[Action item] Your response should consist solely of the lines from the one containing "注意: スプレッドシートで店" through the end of the data, copied exactly.

[Material to process]
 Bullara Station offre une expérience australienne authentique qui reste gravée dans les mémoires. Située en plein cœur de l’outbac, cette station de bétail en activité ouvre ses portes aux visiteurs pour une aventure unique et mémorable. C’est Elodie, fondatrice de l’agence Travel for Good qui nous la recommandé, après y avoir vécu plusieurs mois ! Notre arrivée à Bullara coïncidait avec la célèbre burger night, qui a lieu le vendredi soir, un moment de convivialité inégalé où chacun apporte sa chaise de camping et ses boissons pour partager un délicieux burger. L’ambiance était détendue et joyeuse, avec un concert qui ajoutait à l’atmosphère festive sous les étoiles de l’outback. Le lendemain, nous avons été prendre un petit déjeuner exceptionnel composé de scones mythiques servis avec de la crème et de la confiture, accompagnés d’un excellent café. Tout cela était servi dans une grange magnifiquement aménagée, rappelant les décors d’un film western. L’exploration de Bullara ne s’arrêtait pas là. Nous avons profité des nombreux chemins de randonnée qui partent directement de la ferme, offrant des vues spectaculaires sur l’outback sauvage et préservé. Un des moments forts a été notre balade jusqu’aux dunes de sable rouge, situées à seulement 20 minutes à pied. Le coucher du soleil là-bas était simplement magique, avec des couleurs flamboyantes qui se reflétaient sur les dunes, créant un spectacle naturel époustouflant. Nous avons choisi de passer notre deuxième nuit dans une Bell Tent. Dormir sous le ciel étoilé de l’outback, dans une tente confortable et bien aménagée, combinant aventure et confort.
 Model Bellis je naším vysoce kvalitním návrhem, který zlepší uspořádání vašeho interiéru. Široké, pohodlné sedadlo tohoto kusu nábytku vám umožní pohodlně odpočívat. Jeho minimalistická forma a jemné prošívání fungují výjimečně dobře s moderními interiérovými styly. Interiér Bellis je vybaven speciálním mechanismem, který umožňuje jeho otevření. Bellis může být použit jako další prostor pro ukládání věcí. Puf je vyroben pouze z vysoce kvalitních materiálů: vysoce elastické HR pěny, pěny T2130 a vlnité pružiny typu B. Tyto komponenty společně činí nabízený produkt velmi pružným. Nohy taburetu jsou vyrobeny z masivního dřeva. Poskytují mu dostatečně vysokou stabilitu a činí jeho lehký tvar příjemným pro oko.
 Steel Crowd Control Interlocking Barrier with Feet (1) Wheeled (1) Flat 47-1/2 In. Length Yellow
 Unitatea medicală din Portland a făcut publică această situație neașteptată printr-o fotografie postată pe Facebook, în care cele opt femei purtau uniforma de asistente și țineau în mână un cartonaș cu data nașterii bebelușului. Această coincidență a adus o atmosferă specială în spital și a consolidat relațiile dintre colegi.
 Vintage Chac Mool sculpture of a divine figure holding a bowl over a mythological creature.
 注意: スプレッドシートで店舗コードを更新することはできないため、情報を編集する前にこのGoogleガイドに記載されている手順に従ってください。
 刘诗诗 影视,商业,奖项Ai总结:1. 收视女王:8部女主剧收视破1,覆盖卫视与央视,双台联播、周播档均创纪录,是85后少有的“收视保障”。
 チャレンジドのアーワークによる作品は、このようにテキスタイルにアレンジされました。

[Problem solution]
 注意: スプレッドシートで店舗コードを更新することはできないため、情報を編集する前にこのGoogleガイドに記載されている手順に従ってください。
 刘诗诗 影视,商业,奖项Ai总结:1. 收视女王:8部女主剧收视破1,覆盖卫视与央视,双台联播、周播档均创纪录,是85后少有的“收视保障”。
 チャレンジドのアーワークによる作品は、このようにテキスタイルにアレンジされました。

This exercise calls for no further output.